Sagittarius will keep people’s spirits up when every thing seems bleak.
Sagittarians are always the life of the party, even if it’s held at the end of the world. Fun and funny they will keep spirits up and spread light and hilarity even yet in the darkest moments. Sometimes however, their humor could be too edgy and offend the more sensitive survivors. They’re known to suffer from foot in mouth illness and don’t always fully understand the idea of tact!
Capricorn will remain calm, calculated and focused on the work at hand.
Capricorn is the sign to create stability in the chaos of zombie hell. Trustworthy and grounded they are going to identify and inspire skill sets necessary to defeat the marauding onslaught. They are thoughtful and considered and in a position to clearly articulate faults and advantages in everyone’s idea.
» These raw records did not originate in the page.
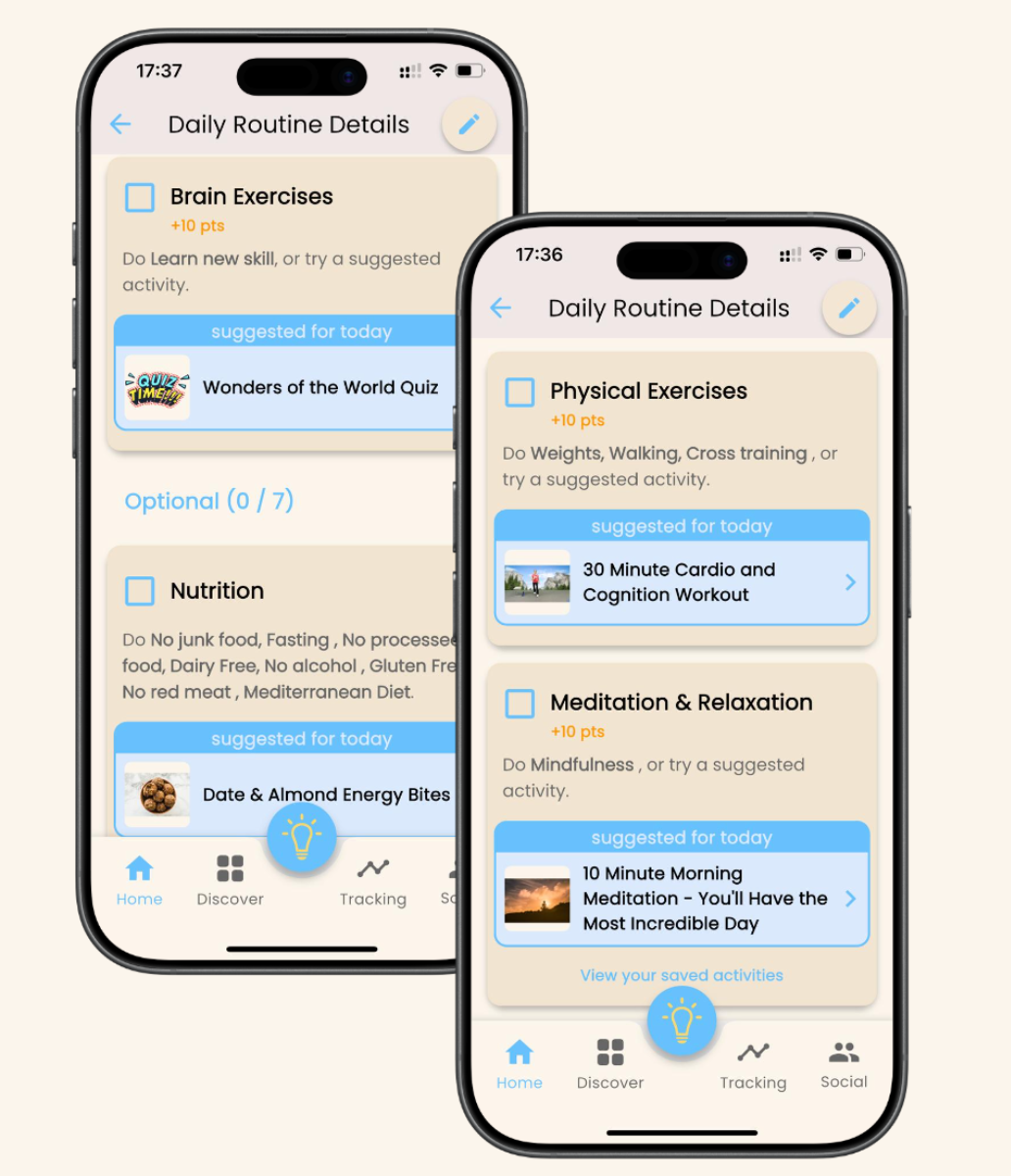 Designed by people with Parkinson's, these routines consist of tasks to help you manage your symptoms effectively. Join the fun, earn points, and track your progress.
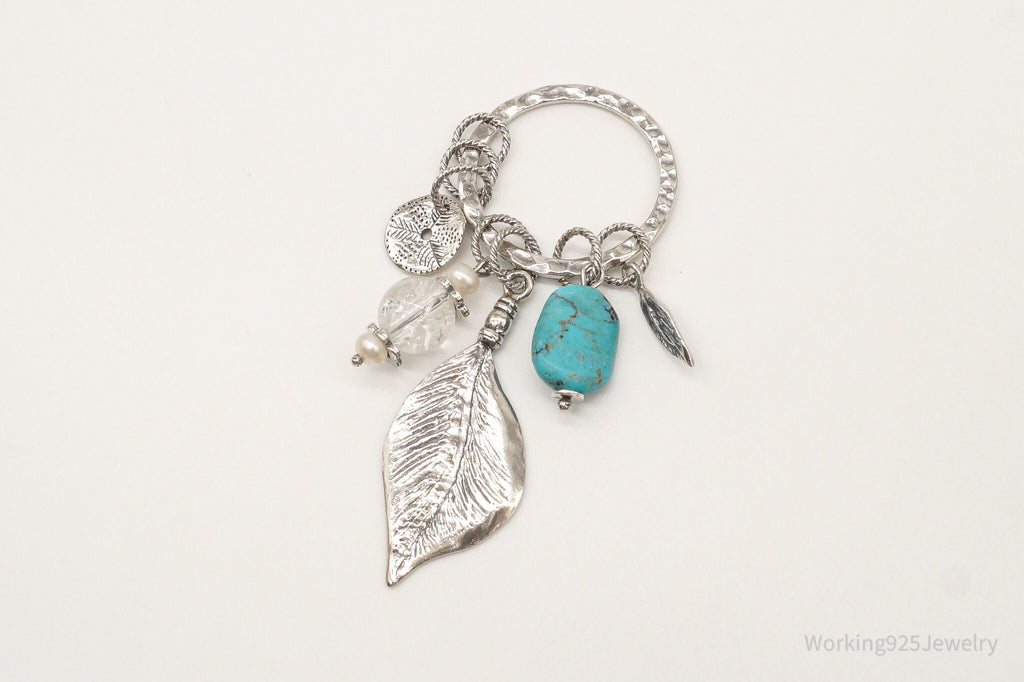 Designer Silpada Leaves Turquoise Quartz Charms Sterling Silver Pendant
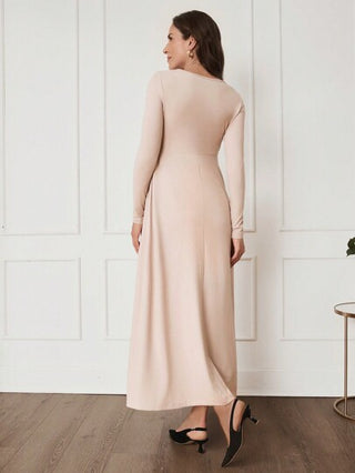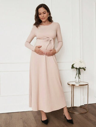 MaterniChic فستان طويل أخضر كاكي للحوامل، فستان حمل طويل جسم أنيق مربوط بربطة فراشة للنساء في الخريف
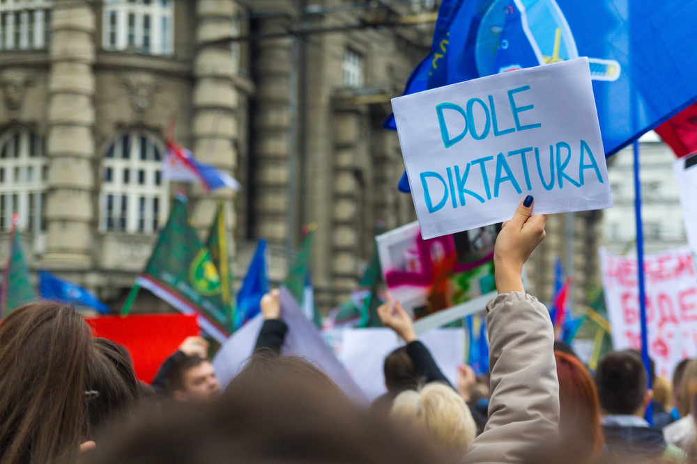 "Ned med diktaturen".  Protestplakatet är ett exempel på att det blivit vanligare med latinska bokstäver istället för kyrilliska i Serbien. Foto: Giovanni Vale/Shutterstock

They also lead by example and won’t ask one to decapitate a zombie if they’re not up to the task themselves. A handy sign to possess in the bunker or on the battlefront!
Aquarius will desperately try to seek out the humanity in it all
Aquarians will be sad – well not everyone’s likely to be a barrel of laughs in zombie-land – they’ll question the events that lead to the apocalypse and beat themselves up for not having single handedly prevented this catastrophe. They may also be against killing zombies and suggest giving the undead their own homeland, voting rights or access to synthetic brains. In all honesty the Aquarian is probably better off being bitten
Pisces will question everything and go on a spiritual journey.
Sensitive Pisces might well drop dead of shock when they wake compared to that inevitable day – or turn to any form self medication they can obtain hands on. If they do survive the trauma of witnessing the world change forever and develop a reserve of born again resilience they have the ability to create the first post zombie religion. Highly spiritual they could just offer our souls salvation – or perhaps they are going to just turn in to blood thirsty fanatic – it could go either way!